→ **DATA RECORDS**
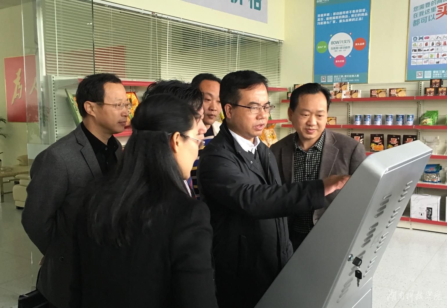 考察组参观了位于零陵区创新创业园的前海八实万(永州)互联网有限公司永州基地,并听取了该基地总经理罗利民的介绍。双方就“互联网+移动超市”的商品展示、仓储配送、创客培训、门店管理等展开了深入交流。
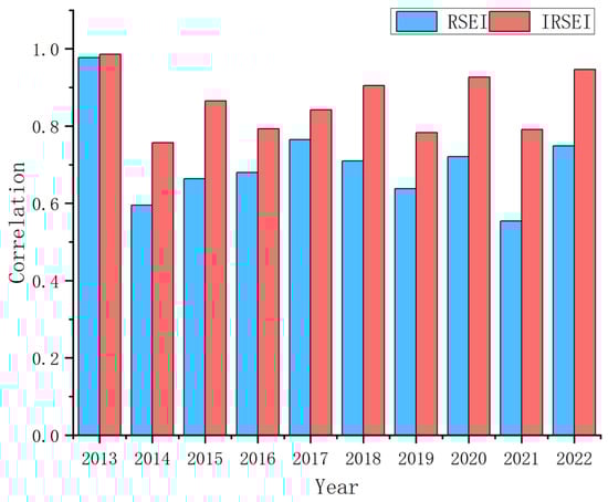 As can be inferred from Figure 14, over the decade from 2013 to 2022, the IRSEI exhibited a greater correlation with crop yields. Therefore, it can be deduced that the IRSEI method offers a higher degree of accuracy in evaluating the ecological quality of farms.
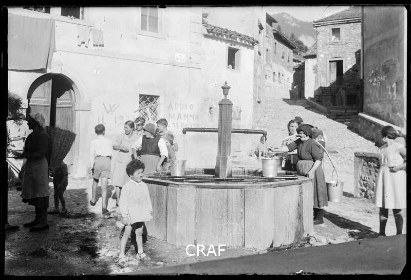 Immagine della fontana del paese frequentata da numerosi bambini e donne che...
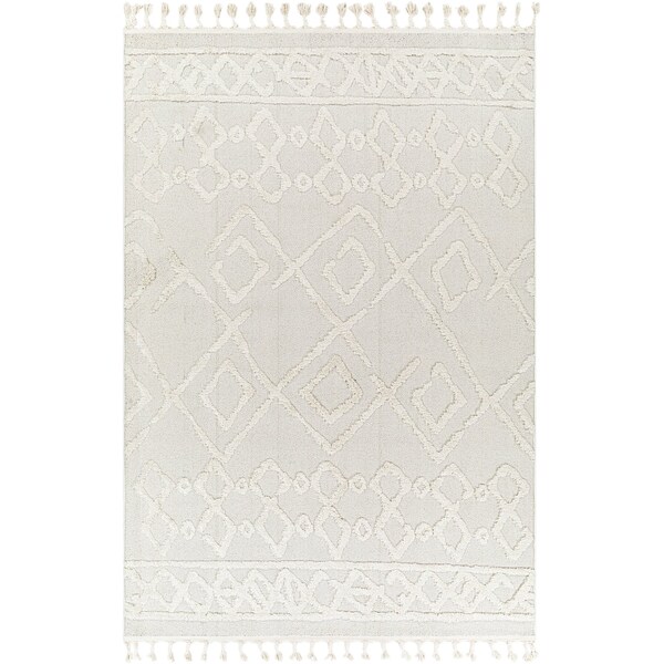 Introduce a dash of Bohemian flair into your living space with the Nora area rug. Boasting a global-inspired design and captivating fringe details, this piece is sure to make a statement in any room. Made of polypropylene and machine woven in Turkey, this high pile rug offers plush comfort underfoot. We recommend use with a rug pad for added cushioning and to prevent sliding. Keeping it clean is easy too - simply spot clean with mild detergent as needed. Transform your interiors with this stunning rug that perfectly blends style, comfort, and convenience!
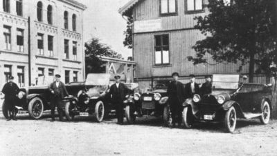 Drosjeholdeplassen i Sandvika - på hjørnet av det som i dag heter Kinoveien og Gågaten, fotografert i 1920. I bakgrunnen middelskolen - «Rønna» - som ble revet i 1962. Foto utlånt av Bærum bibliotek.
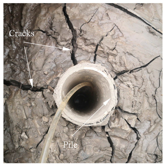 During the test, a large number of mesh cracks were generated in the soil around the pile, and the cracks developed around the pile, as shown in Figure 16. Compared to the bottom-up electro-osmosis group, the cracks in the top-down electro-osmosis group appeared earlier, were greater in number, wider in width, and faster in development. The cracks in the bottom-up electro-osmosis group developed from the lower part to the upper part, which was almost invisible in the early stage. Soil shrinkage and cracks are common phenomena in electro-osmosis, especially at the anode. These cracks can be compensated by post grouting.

→ **EXERCISE DIRECTIONS**
Print exactly the lines from the first line of the records above through the line containing "Immagine della fontana", both included, and leave the pictures out.

→ **RESULT OF THIS EXERCISE**
 考察组参观了位于零陵区创新创业园的前海八实万(永州)互联网有限公司永州基地,并听取了该基地总经理罗利民的介绍。双方就“互联网+移动超市”的商品展示、仓储配送、创客培训、门店管理等展开了深入交流。
 As can be inferred from Figure 14, over the decade from 2013 to 2022, the IRSEI exhibited a greater correlation with crop yields. Therefore, it can be deduced that the IRSEI method offers a higher degree of accuracy in evaluating the ecological quality of farms.
 Immagine della fontana del paese frequentata da numerosi bambini e donne che...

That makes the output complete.